§ Exercise directions: Copy out each line of the material exactly. Pictures do not belong in the copy.

*** The data ***

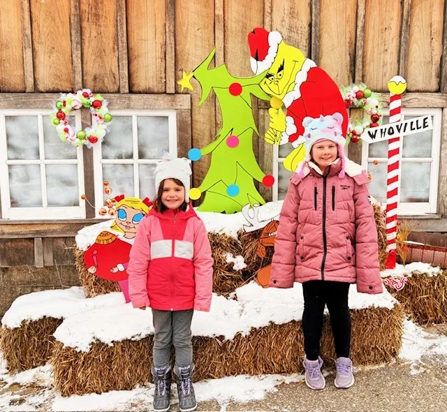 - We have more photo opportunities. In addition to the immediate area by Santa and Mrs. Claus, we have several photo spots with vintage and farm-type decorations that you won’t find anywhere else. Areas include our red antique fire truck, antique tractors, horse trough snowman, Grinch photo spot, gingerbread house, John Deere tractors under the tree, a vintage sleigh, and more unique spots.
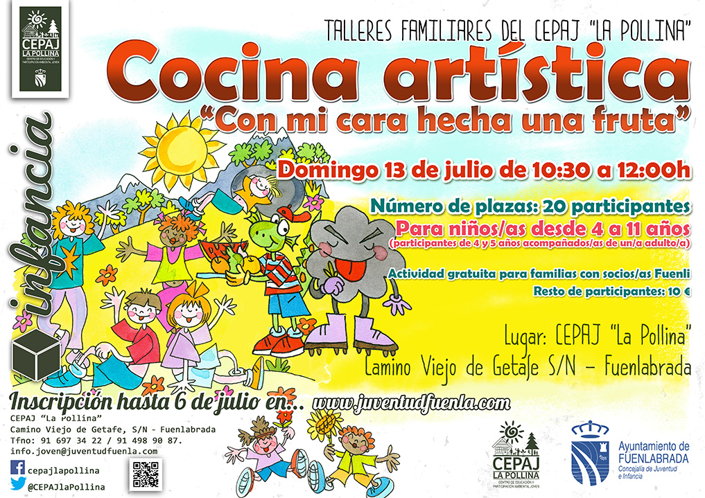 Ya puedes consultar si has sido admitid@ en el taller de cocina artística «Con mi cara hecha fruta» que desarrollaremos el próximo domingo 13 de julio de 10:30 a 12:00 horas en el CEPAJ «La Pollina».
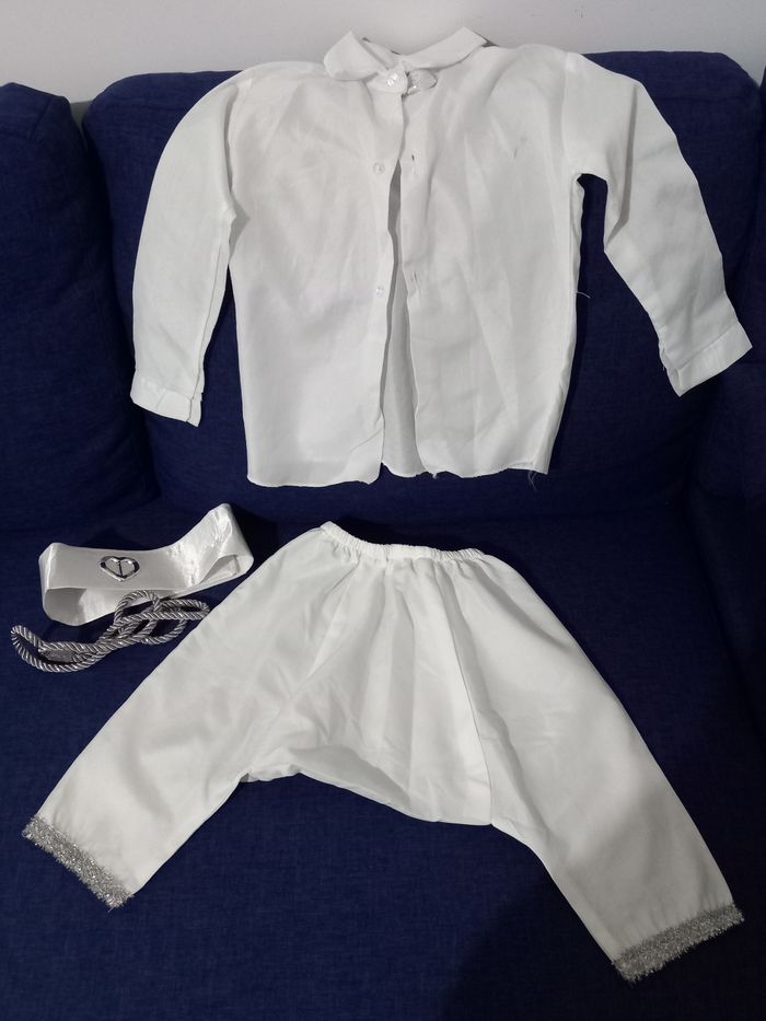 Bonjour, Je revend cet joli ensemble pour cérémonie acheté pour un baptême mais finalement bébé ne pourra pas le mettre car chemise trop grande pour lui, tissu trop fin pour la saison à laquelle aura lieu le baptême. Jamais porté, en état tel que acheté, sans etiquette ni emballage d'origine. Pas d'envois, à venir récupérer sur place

***

§ Answer space:
 - We have more photo opportunities. In addition to the immediate area by Santa and Mrs. Claus, we have several photo spots with vintage and farm-type decorations that you won’t find anywhere else. Areas include our red antique fire truck, antique tractors, horse trough snowman, Grinch photo spot, gingerbread house, John Deere tractors under the tree, a vintage sleigh, and more unique spots.
 Ya puedes consultar si has sido admitid@ en el taller de cocina artística «Con mi cara hecha fruta» que desarrollaremos el próximo domingo 13 de julio de 10:30 a 12:00 horas en el CEPAJ «La Pollina».
 Bonjour, Je revend cet joli ensemble pour cérémonie acheté pour un baptême mais finalement bébé ne pourra pas le mettre car chemise trop grande pour lui, tissu trop fin pour la saison à laquelle aura lieu le baptême. Jamais porté, en état tel que acheté, sans etiquette ni emballage d'origine. Pas d'envois, à venir récupérer sur place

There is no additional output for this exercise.